東に木曽川橋、南に木曽川堤、北に金華山、そして私の病室の窓の西には伊吹山。
100号ぐらいの窓キャンバス。このキャンバスの変化が結構楽しめるものだった。
こんなに変化する空、雲の描くさまざまの絵、刻々と変わる二度とない雲の色と姿。こんなに長い時間、空を眺めたことはなかった。
朝6時。朝日を浴びて山々の頂、あちらこちらのビルの窓が光りだす。
時にはトンビがキャンバスの真ん中に輪を描いてくれる。
青い空に描く雲の絵は一日中同じ絵はない。
夕方4時。まだ日は高いがやがて沈むその日の夕日の姿を見るため私は窓際に座って、養老山脈の頂を眺めて、その瞬間を待つ。
晴れた日も、雲の多い日もそれなりに美しい変化を見せてくれる。
日が沈んで黄昏時、ベッドに戻って窓キャンバスを眺めていると、ねぐらへ帰る鳥の黒い姿がキャンバスを横切る。
よくぞ、この100号の中に入ってくれるものぞ、とうれしく思う。
満月のころ、東の窓へ月を覗きに行こうかと思っていたが、明け方5時。
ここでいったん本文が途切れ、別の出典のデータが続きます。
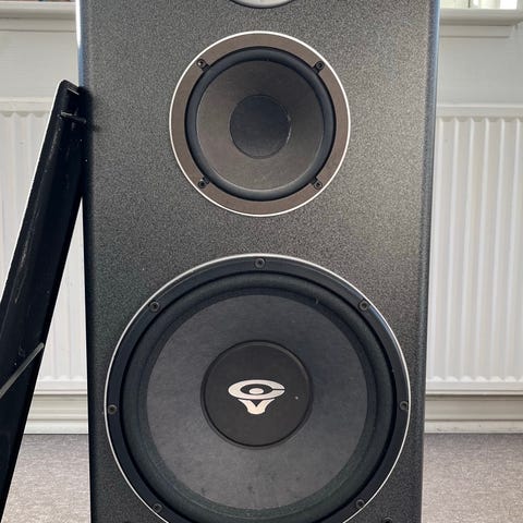sæt cerwin Vegahed hi-fi højtaler som spiller rigtig godt og fyldigt har været brugt som baghøjtaler (pris1000)

カーテンを開けたら窓の中央に月が回ってきていた。
それから、2,3日後、朝6時、晴れた青い空に白い月が張り付いていた。そして9時、10時と月はその姿を見せつつ静かにキャンバスを下に降りて行った。
当たり前に思っている宇宙の営み、改めて考えると神秘的ともいえる。この中に生かされているちっぽけな一つの命が元気になって飛び出してきた。自分の体を守ることは自分自身にしかできない。と、一日一日を大切に過していこうと喜びを味わっている今日この頃である。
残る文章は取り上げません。